Export Settings should *not* save passwords: it is non-obvious that this is happening and can lead to serious security breaches as users share preferences
with each other. e.g. Subversion connection details.
If passwords are to be stored, the export dialog should have a button, separate to the current list, to emphasise the special nature of this content.
Until API for securely persisting of passwords is implemented (issue 173413) I added a warning about potential security
Integrated into 'main-golden', will be available in build *200910070250* on http://bits.netbeans.org/dev/nightly/ (upload may still be in progress)
User: Jiri Skrivanek <firstname.lastname@example.org>
Log: #171900 - Inform users about security risks while exporting settings.
The Keyring API will continue to store encrypted passwords in the userdir on Windows (which has no standard keyring - only a login encryption feature), or if none of the supported platform-specific impls can be loaded (e.g. you use KDE). So you should exclude "config/Preferences/org/netbeans/modules/keyring.*" to be on the safe side; otherwise someone getting access to these files might be able to run a password cracker to find the master password. Would this just be an exclude param in core.ui's layer?
Who on earth closed this??!
The bug report is "Export Settings should *not* save passwords" - not "Export Settings should warn before saving passwords"
This is FIXED in main-golden, but not 6.8, right?
6.8 contains the warning. The actual improved handling of passwords will be in 6.9.
If we exclude keyring.*, users might complain they don't have imported passwords while moving to newer IDE release. But it is probably safer than let users to check/uncheck whether they want to include/exclude passwords in zipped settings.

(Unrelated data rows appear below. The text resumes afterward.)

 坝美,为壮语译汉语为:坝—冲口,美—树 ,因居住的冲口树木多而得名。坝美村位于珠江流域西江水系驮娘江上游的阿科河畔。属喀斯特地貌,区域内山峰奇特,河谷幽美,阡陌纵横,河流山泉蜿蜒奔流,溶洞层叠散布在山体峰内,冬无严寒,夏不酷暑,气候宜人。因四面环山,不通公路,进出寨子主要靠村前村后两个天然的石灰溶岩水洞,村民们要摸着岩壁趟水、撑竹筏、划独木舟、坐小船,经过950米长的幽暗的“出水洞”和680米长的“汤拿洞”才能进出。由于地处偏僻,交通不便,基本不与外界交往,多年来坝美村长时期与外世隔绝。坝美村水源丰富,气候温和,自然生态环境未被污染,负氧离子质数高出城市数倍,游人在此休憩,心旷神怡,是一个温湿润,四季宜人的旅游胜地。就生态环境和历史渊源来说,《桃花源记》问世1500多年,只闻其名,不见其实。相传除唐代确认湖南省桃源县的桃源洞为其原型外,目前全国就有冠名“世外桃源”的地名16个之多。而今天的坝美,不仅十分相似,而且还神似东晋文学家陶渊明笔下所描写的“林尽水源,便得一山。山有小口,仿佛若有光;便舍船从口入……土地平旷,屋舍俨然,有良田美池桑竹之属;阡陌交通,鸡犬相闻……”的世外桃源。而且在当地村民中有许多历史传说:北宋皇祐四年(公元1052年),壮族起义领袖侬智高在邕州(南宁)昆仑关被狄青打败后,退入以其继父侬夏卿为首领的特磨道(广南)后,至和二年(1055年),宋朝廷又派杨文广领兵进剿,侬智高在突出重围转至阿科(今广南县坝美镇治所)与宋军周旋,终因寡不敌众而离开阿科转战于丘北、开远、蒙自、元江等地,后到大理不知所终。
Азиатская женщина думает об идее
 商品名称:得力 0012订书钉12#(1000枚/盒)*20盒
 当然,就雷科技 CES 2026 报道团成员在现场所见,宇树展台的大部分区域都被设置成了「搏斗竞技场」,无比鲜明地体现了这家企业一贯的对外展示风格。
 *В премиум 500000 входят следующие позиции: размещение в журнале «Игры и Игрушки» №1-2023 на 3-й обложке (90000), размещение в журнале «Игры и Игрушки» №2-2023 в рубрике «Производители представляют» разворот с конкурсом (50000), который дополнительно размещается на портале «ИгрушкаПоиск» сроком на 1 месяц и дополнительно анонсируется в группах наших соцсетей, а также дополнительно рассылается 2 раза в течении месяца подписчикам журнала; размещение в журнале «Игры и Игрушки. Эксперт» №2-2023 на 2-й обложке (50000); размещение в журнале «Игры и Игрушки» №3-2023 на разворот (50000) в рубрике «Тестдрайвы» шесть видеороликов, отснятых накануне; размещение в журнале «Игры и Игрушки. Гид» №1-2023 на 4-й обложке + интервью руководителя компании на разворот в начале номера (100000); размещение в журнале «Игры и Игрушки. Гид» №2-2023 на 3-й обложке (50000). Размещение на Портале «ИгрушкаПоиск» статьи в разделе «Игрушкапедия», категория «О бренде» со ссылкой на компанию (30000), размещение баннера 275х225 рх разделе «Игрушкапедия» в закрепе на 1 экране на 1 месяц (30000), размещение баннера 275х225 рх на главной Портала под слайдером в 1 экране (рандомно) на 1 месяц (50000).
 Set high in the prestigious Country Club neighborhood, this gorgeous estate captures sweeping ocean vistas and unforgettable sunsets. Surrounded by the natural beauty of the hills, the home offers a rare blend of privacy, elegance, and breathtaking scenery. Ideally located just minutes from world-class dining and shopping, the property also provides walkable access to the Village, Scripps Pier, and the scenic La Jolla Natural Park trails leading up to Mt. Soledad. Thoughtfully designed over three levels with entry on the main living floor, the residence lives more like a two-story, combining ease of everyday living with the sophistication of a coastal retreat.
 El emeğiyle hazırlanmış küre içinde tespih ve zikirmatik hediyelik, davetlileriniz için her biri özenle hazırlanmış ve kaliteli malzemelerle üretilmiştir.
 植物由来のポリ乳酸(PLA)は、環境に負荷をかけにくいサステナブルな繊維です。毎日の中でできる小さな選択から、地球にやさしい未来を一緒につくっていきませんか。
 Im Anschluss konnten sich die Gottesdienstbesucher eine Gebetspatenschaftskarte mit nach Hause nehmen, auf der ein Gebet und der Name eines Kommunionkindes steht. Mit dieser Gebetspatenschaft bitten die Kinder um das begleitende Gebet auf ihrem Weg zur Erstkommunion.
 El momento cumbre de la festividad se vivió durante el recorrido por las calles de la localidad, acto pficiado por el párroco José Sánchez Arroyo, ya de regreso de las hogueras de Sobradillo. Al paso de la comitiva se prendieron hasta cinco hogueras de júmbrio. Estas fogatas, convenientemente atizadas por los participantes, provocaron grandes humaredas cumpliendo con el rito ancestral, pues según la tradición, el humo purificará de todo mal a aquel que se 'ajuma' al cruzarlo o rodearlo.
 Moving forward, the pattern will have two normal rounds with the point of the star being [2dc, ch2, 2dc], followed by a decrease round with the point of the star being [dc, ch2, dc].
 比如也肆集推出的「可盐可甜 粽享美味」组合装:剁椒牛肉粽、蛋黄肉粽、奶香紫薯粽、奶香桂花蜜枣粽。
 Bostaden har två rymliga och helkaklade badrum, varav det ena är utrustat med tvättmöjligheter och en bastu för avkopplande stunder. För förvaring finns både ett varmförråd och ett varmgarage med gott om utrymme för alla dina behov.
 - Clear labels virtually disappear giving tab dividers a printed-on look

It seems reasonable to offer config/Preferences/org/netbeans/modules/keyring.* as a separate item "Passwords", but only if we can be sure it is never checked by default. Better to force users to reenter passwords once per a new release than risk having even encrypted passwords be included in a published ZIP.
Fanis, put this one in your plan for 7.2. Thanks.
config/Preferences/org/netbeans/modules/keyring.* is included in keyring module and it is offered as "Passwords" under "Keyring & Passwords" category. The "Passwords" item is only selected if the user specifically clicks it's checkbox. The warning is still presented to the user only when this happens.
Remember that there will normally be nothing in this category; files under this path are only saved when using the "master password" provider, normally due to some error loading the native keyring provider. In such a case the passwords are encrypted and so vulnerable only insofar as the master password is weak (or there is some undiscovered flaw in the encryption regime), unless of course the suggestion in bug #193978 were implemented.
From an API perspective, the fix is poor since it hardcodes OptionsExportModel.PASSWORDS_PATTERN, and relies on the undocumented and fragile assumption that org.netbeans.modules.options.export.Bundle#OptionsChooserPanel.export.passwords.displayName=Passwords and org.netbeans.modules.keyring.Bundle#Passwords.Options.Export.displayName=Passwords will be translated to the same string! Better would be to introduce a new booleanvalue file attribute for an OptionsExport category or item, say 'enabled' (default true), to be documented in options.api (preferably Javadoc but at least arch.xml) and used by keyring; and/or a stringvalue attribute with the text of a warning to be displayed before enabling the category.
BTW the definition of the export belongs in keyring.impl, not keyring; keyring is pure API/SPI whereas the code that uses this NbPreferences path (FallbackProvider) is in keyring.impl.